Sampai saat ini Partai Gerindra sepertinya masih merasa was-was menjelang waktu pendaftaran calon presiden dan wakil presiden yang baru akan dimulai pada Agustus 2018. Ketakutan yang dirasakan oleh partai ini bukan lantaran Ketua Umum Prabowo Subianto enggan untuk kembali mencalonkan diri menjadi presiden, melainkan belum adanya tiket dalam bentuk presedential threshold sebagai syarat untuk bisa mencalonkan presiden dan wakil presiden ke Komisi Pemilihan Umum.
Hingga sekarang, kita semua tahu bahwa partai politik yang masih setia dengan Gerindra adalah Partai Keadilan Sejahtera, hal tersebut terjadi sudah sejak Pemilihan Presiden dan Wakil Presiden tahun 2014 lalu. Seiring berjalannya waktu, Gerindra dan PKS yang ketika itu menamakan diri sebagai Koalisi Merah Putih (KMP) ditinggalkan oleh banyak partai politik lain yang sebelumnya sudah sama-sama berjuang memenangkan Prabowo-Hatta walau pada akhirnya gagal.
Partai-partai yang akhirnya memilih untuk mencari peruntungan di koalisi pendukung pemerintahan adalah PAN, PPP, dan Golkar. Meski demikian, Anis Matta mampu meyakinkan kadernya untuk tetap bersama dengan barisan Gerindra di KMP sampai sekarang, ini salah satu bukti betapa solidnya kedua sekutu tersebut dalam bekerja sama untuk merebut tonggak kekuasaan.
Tetapi harus dicatat, bahwa politik tidak cukup hanya dengan bermodalkan soliditas antar kader atau partai saja.
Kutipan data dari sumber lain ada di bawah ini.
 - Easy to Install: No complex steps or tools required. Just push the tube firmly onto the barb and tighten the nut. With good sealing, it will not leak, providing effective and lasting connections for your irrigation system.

Persis dengan yang terjadi sekarang ini, saat peraturan Pemilu mengharuskan ambang batas pencalonan presiden dan wakil presiden sebesar 20 persen dari total kursi DPR RI atau 25 persen perolehan suara nasional pada Pemilu sebelumnya, maka tidak bisa ditawar lagi.Â
Kenyataannya, Gerindra setidaknya membutuhkan dukungan dari satu partai politik lagi untuk bisa mencalonkan presiden sendiri. Ironisnya, sampai sekarang antara Gerindra dengan PKS sama-sama belum menyatakan sikap secara resmi untuk berkoalisi. Seperti yang disampaikan oleh Direktur Pencapresan DPP PKS, Suhud Alynudin. Ia menegaskan politik masih sangat cair, sehingga belum tentu PKS tetap bersama dengan Gerindra saat 2019 nanti.
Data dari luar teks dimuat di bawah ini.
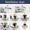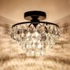 Lámpara para techo: 23,0 cm de alto y 25,0 cm de ancho. Cómoda iluminación: 110 V 40 vatios. Base del foco: E26. (*focos no incluidos *Necesitas obtener 1 conjunto de focos Led E26, dependiendo de los efectos de iluminación que desees. Diseño compacto: Cristales acrílicos brillantes que tienen un toque y una sensación de cristal, que hace que sean difíciles de romper y podrán crear una atmósfera superior y elegante en tu habitación. Fácil instalación: Requiere montaje pero es fácil de instalar, incluye colgar las cuerdas de cristal a la placa plateada y todos los accesorios de montaje así como un detallado manual de instrucciones de montaje. (idioma español no garantizado). – –

Hal tersebut dikatakan ketika mengklarifikasi pertanyaan media mengenai kehadiran Presiden PKS di Rakornas Gerindra beberapa waktu yang lalu. "Kemarin kita hanya menghadiri undangan. Undangan Rakornas Gerindra yang isinya tentang pemberian mandat dari Gerindra ke pak Prabowo. Proses politik masih terus berjalan dan harus diingat bahwa dalam politik tidak ada yang pasti," ungkapnya.
Dinamika menjadi lebih menarik ketika muncul kabar yang menyebutkan adanya perjanjian tertulis antara Gerindra dengan PKS terkait kursi calon wakil presiden. Dalam surat kesepakatan itu, PKS memberikan syarat harus mendapatkan kursi calon wakil presiden jika berkoalisi dengan Gerindra. Wakil Ketua Umum Gerindra, Fadli Zon tidak menampik adanya surat tersebut meskipun dirinya sendiri belum mengetahui secara detail poin-poin yang termuat di dalamnya.
"Saya sendiri belum lihat suratnya, tetapi saya dengar memang ada, nggak masalah isinya kesepakatan cawapres dari kader PKS atau yang di luar kader tetapi diajukan oleh PKS. Nanti duduk bersama lagi," kata Fadli.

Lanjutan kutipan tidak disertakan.